Couldn't they make the phosphor on the led's slower?

I'm not a phosphor chemist so I may not be right on this, but it's my understanding that despite the word 'phosphor' the coating that downconverts light in an LED is actually a fluorescent phenomenon, meaning the metastable states have lifetimes on the orders of tens of nanoseconds. Actual phosphorescent phenomena have lifetimes long enough to make a visual difference but because they stay in an excited state a lot longer they have a lot more time to engage in non-radiative relaxation, so their conversion efficiency is like 10x lower.

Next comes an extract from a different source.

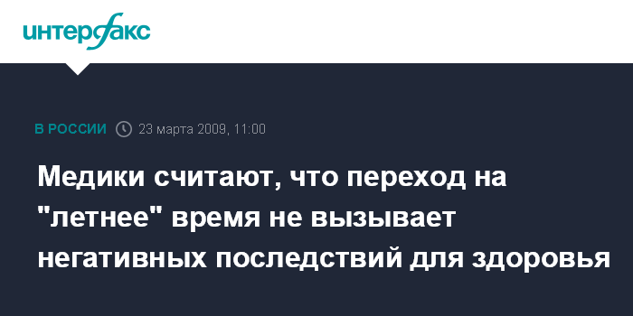 Москва. 23 марта. INTERFAX.RU - Медики не видят серьезных негативных последствий для организма человека от перехода на "летнее" время.

Comment Re:The industry will screw you anyway... (Score 2) 182

Buy Crees. I work in LED driver design, and Cree, who I don't work for but I work with, seem to do a good job of making sure their LED's don't get associated with junk. Philips similarly, to a lesser extent.

Weird. My experience has been the opposite. I've tried the Cree bulbs from Home Depot and they suck because they strobe at 120 Hz (verified on a scope). That's not usually noticeable except when you move your eyes quickly (like reading), or if something moves quickly like your kid swinging a baton. The strobe effect really bothers me. I also have 15 of the Philips L-prize bulbs that they discontinued after collecting their prize money, and those do not have any sort of strobe effect and they are more efficient than the Cree bulbs.

Strobing is a huge problem, and the easiest way to fix it is add big output caps to the switcher... which costs money.
It's sad to hear they did that. I will chat with someone who gets to make these decisions for them at the end of the month.
Strobing's even worse with car taillights because that's when people have the highest saccade rates and cars are moving quickly, so surprisingly high frequencies are clearly visible as strobe flashes.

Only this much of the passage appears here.